Vragend en stilletjes zet ze pianissimo het tweede deel in. Langzaamaan
begint het te zingen, wandelend over de pianotoetsen, klinkt dan helder op met
vragen en antwoorden. De tonen druppelen van haar vingers, licht, steeds
sneller, dansend en luchthartig. Hier bezingt de componist het leven in
vreugdevolle onbekommerdheid. In de bassen klinken waarschuwingen op, donker en
bruisend. Akkoorden klinken van majeur naar mineur. Somber en dreigend. Steeds
kruipt het hoopvolle themaatje er tussendoor, omhoog en omlaag, om uiteen te gaan in toonladders van brekende
motieven.
In het derde deel dat stormachtig begint komen langzaam de vragende open akkoorden
weer in kleine motiefjes te voorschijn gevolgd door een donker staccato als
antwoord.
In het vierde deel klinkt de bijna militaire mars op in een fors tempo die zich
onderverdeeld in kleine fragmenten. Nog steeds huppelt het lichte motiefje er
tussendoor om na een kleine aarzeling zich in syncopen buigend en wendend te
mengen tot de muziek naar de bevrijdende eindfase stormt. Met drie forse
eindakkoorden.
Na de pauze voert ze samen met de tenor Bas Hogenberg ‘Winterreise uit‘
In het laatste lied, ‘Der leierman’ speelt de piano de aanhoudende bourdontoon, die
zo als de draailier de leegte weergeeft. Waar met de herhalingen de grootheid en
de menselijkheid getoond wordt door de stem die zingt in het vierde couplet:
‘Und er läszt es gehen
Alles, wie es will,
Dreht, und seine Leier
Steht ihm nimmer still.’
De laatste regels klinken op:
‘Wonderlicher Alter,
Soll ich mit dir gehn?
Willst zu meinen Liedern
deine Leier drehn?’
...een eeuwige kringloop met een open einde.

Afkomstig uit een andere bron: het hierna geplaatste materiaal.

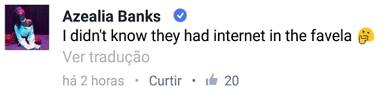 “Eu não sabia que eles tinham internet na favela”, ironizou a rapper, finalizando com a seguinte postagem:

Het publiek is diep onder de indruk. Na de laatste klanken
blijft het doodstil. Dan klinkt het applaus ruisend op. Het blijft aanhouden
ook als de musici na elkaar het podium verlaten. Iemand wacht in de gang en wuift.
Met een paar passen glipt Hannah weg tussen de pilaren. Nog
net zijn de flappen van de ouderwetse schoudercape te zien en het opflikkeren van licht in zijn
brillenglazen als hun handen elkaar raken.